12.1 You indemnify us against any claim for breach of copyright (including breach of moral rights), infringement of intellectual property rights, defamation, or any other claim arising from the instructions and materials supplied by you to us. You are responsible for obtaining all necessary copyright clearances and intellectual property licences for all materials supplied by you for inclusion in the Work.
12.2 Subject to your indemnity, and subject to the clause headed ‘Limitation of liability”, we indemnify you against any claim for breach of copyright (including breach of moral rights), infringement of intellectual property rights, defamation, or any other claim arising from the development and supply of the Work by us. We are responsible for obtaining all copyright clearances and intellectual property licences for all materials supplied by us for inclusion in the Work.
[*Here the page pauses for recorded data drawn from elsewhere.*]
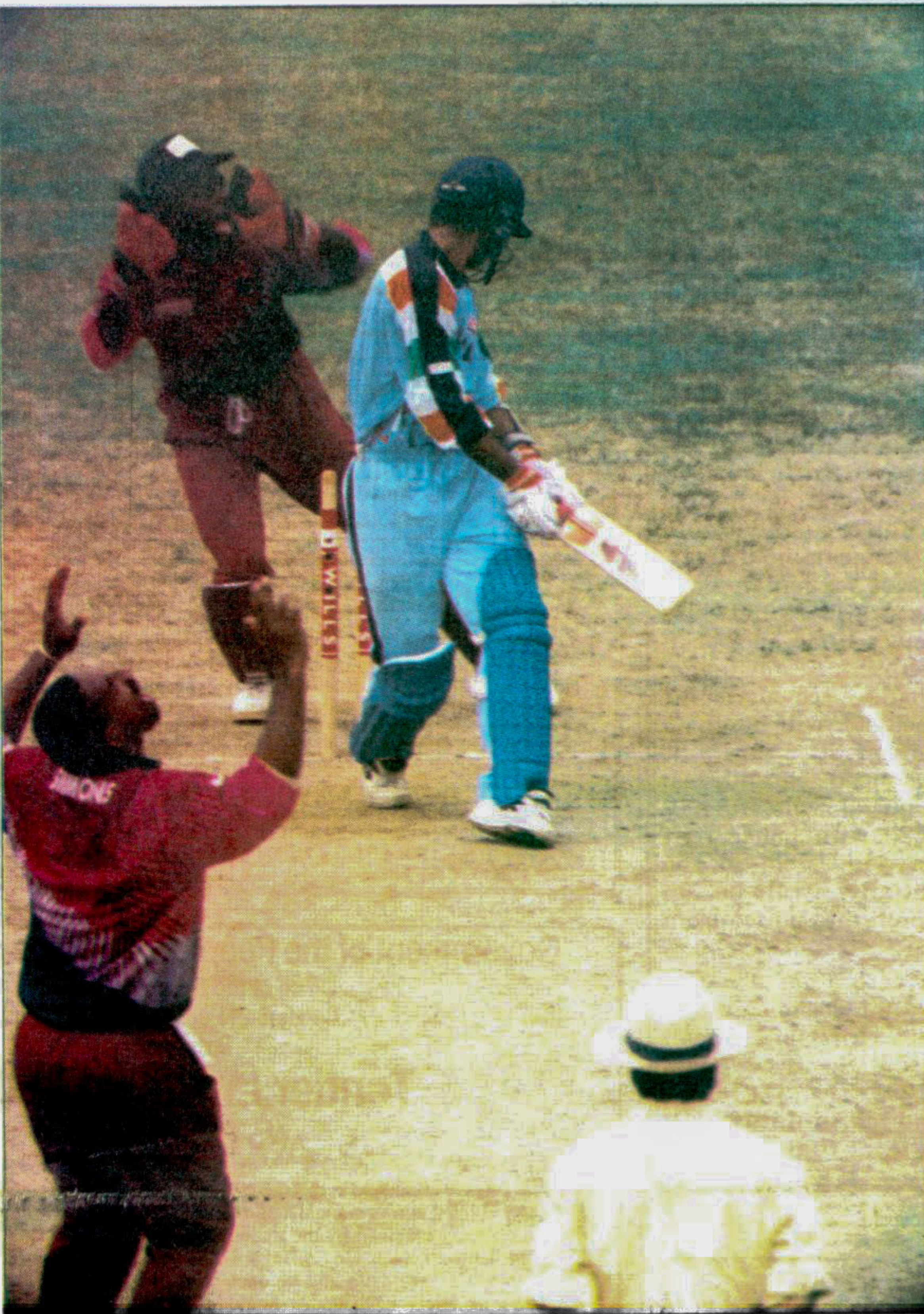
West Indian keeper Jacobs shouts in vain for a stumping against Rahul Dravid off Simmons Saturday.

A cool and collected Brian Charles Lara played an unconquered captain's innings as West Indies heralded the fall of India, the last of the three sub-continentals, to set up a date with formidable South Africa in the final of the Wills International Cup today.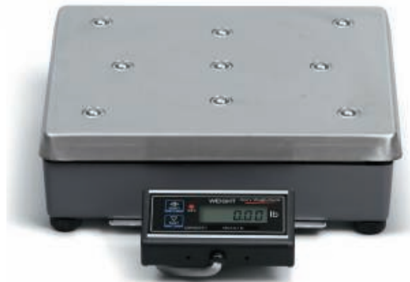
Model 7815R shown with standard 7" remote only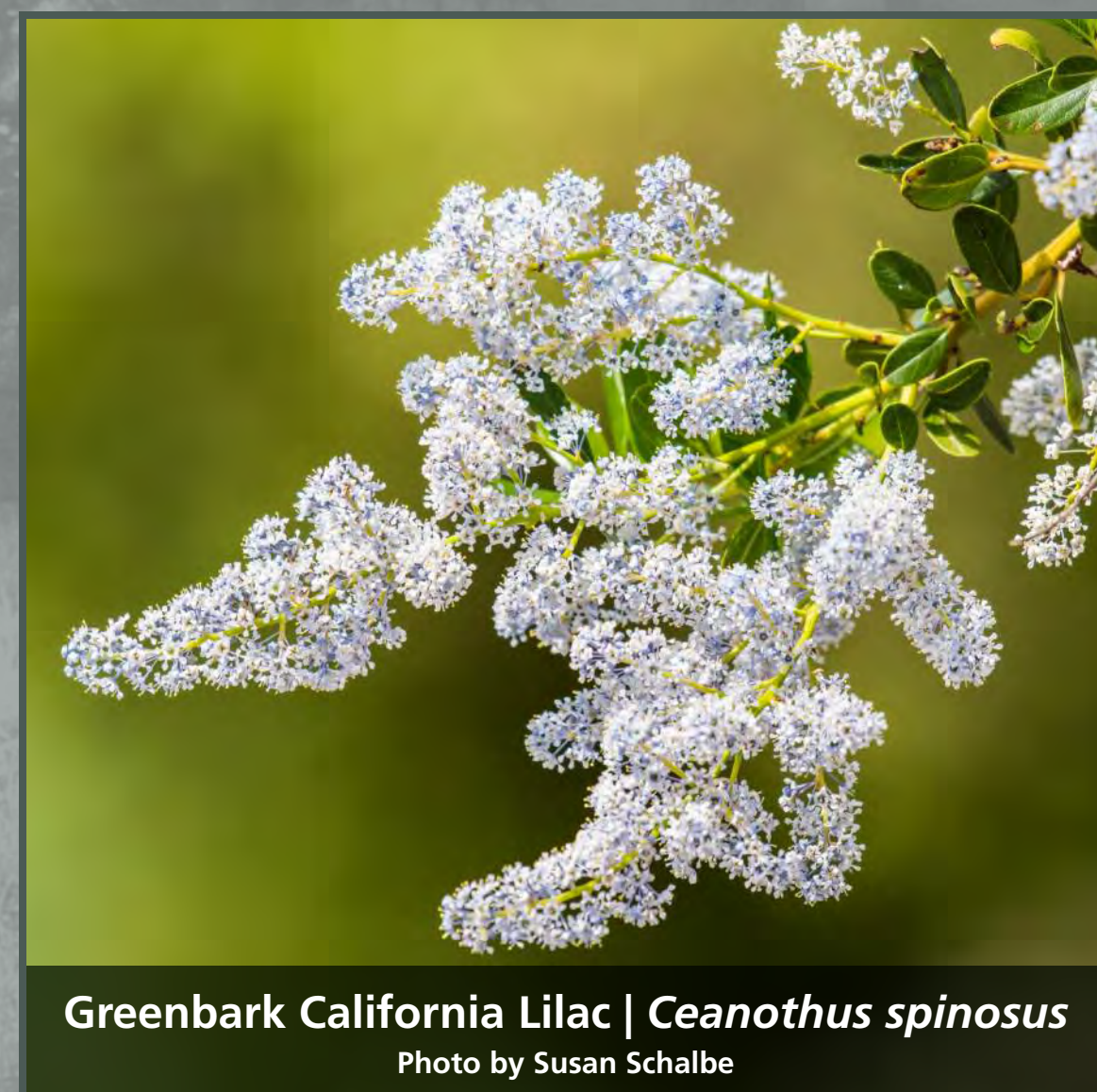
Greenbark California Lilac | Ceanothus spinosus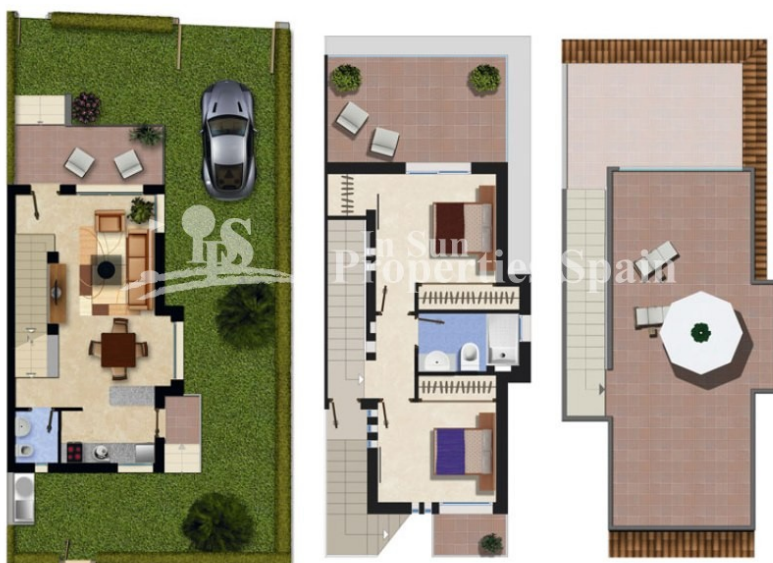
Imagen Artística carece de valor contractual/Artistic Image free of contractual nature

Model: Samara Corner Property: 99,6m 2 Garden: 90-120m 2 Roof-Terrace: 30m 2 2 Bedrooms 2 Bathrooms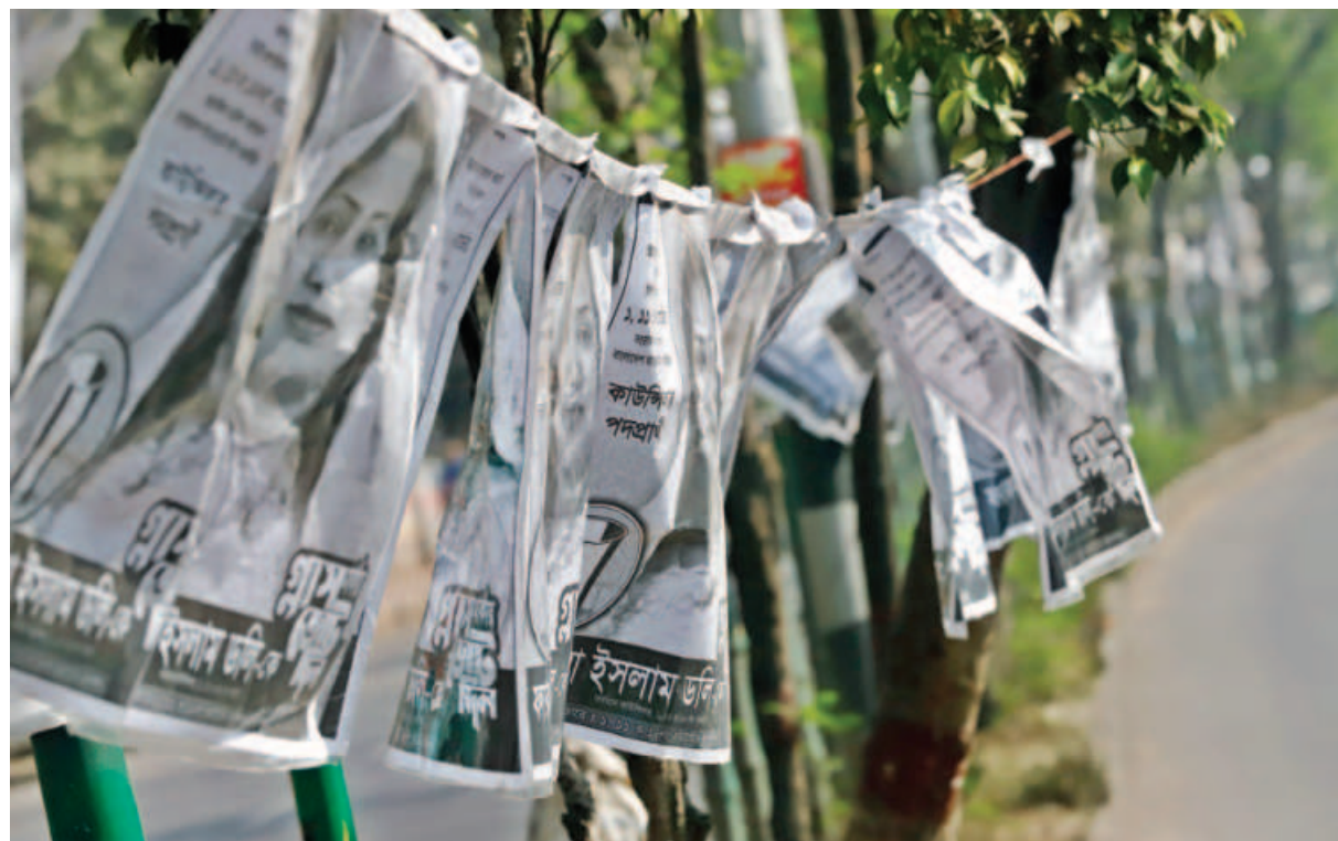
With the Dhaka city polls only nine days away, most of the city streets and alleys have been flooded with posters of mayor and councillor candidates. Laminated with non-biodegradable plastic, these posters pose a serious threat to environment. The photo was taken in the city's Khilgaon area yesterday.

13.1 You may terminate our engagement at any time on written notice to us. If our engagement is terminated you must pay us all fees due up to the date of termination and reimburse all expenses incurred up to that date.
13.2 We may terminate our engagement if you commit any material breach of these Terms which is incapable of being remedied; or if you commit any material breach of these Terms which is not remedied within five days of us giving you written notice of the breach; or if you become insolven; or if a recevier or manager of any of your assets is appointed, or an order is made or resolution passed for your liquidation.
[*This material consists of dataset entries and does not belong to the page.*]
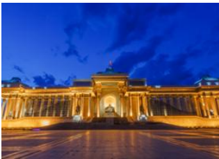
Ulan Bator 📍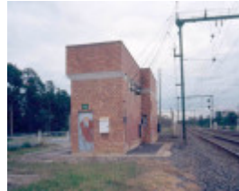
h02025 1 bunyip sub stationjul03 jc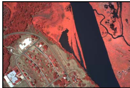
Figure 6 Santee Public School is located in lower left corner of this image. Planning evacuation routes around major infrastructure is an important use of remote sensing imagery.

The hyperspectral data collected over the reservation could be utilized for many purposes. A railroad track runs near the town center where most of the major buildings are located. Hyperspectral imagery could identify weed problems along the tracks. These weeds could potentially be a fire hazard if sparks from the train were to ignite them.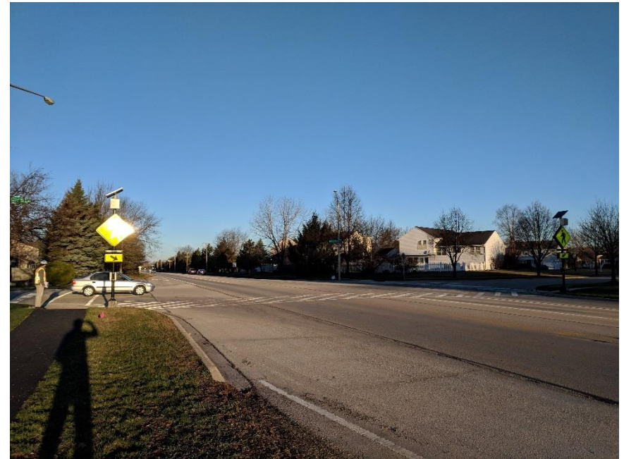
Westport Ridge & Ackman Rd Excessive glare observed during sunrise and sunset hours at mid-block crossing equipped with rectangular rapid-flashing beacon, limiting the visibility of the signs and flashing beacons.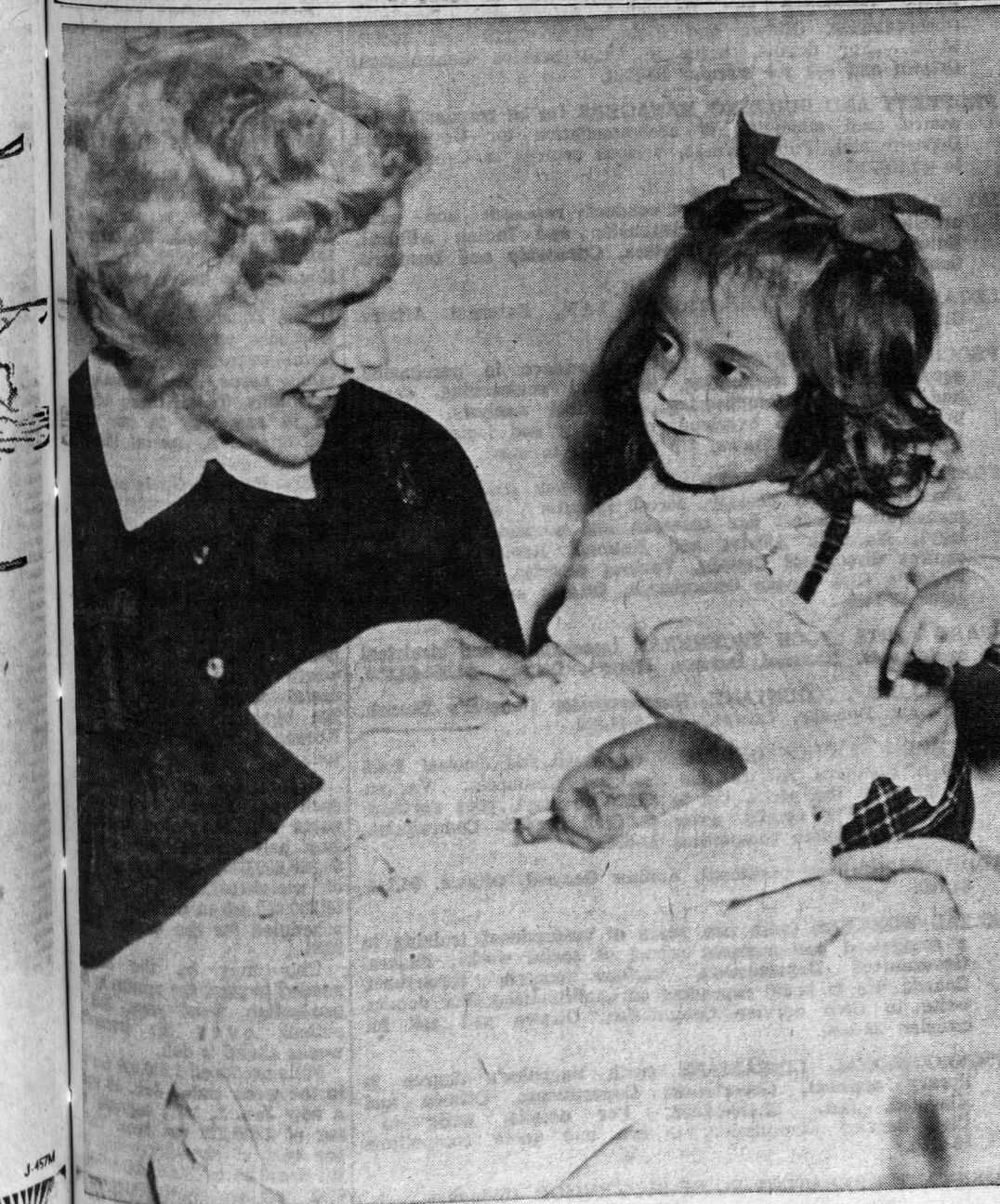
BORN IN AMERICA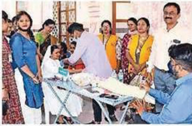
పరీక్షలు చేయించుకుంటున్న ఉపాధ్యాయురాలు, విద్యార్థులు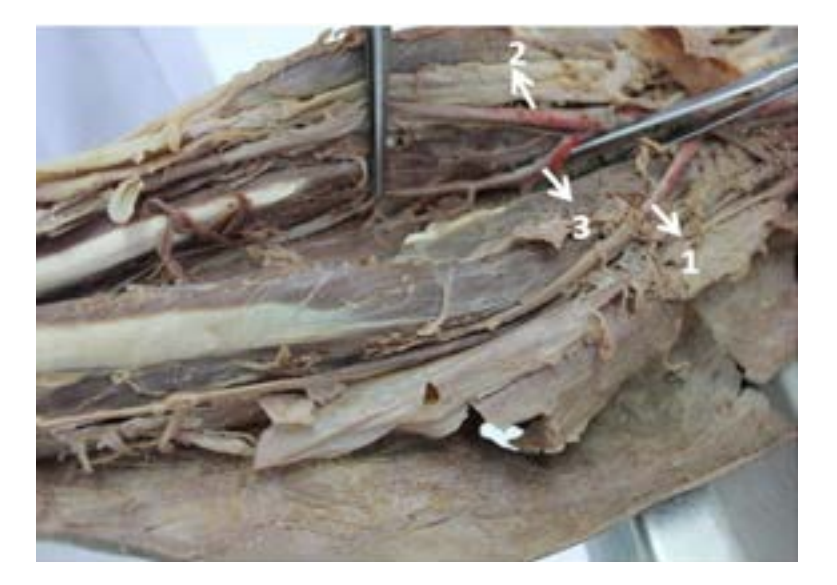
Figure 1. The volar aspect of dissected elbow and forearm region 1: Ulnar artery; 2: Radial artery; 3: Common interosseous artery

Several reports described the variations in the arterial plexus of the upper limb and hand [1, 6, 9]. Bilodi et al. reported the variation in right upper limb, the brachial artery terminated into ulnar and radial arteries [10], and the common interosseous arteries arising from the radial artery, but not from ulnar artery [11]. Similar cases were reported in other literature [12, 13]. The axial artery in the developing limb bud includes both subclavian and axillary arteries. The origin of anomalies in the branching pattern of the upper limb buds is attributed to the defects

13.3 Any termination of our engagement will be without prejudice to any rights of either of us accrued up to the date of termination including any rights, powers or remedies available to either of us in contract, at law or in equity, and will not terminate clauses of these Terms which, by their nature are intended to survive expiry or termination.
14. Right of exhibition
You grant us the right to refer to you and the Work undertaken for you for the purpose of promoting our business.
Our relationship is governed by New Zealand law. We both agree to use reasonable efforts to resolve any dispute arising between us through good faith negotiations. If either of us needs to resort to the courts, New Zealand courts have exclusive jurisdiction.
16. Future work and amendments
Unless we agree otherwise in writing, these Terms will apply to all work we may do for you in future. From time to time we may revise these Terms. The revised terms will apply to any requests for work we receive after they have been given or made available to you.
17. Entire agreement
These Terms and our proposal or any resulting statement of work or similar documentation constitute the entire agreement between us, and supersede all prior communications, representations, agreement or understandings, either verbal or written.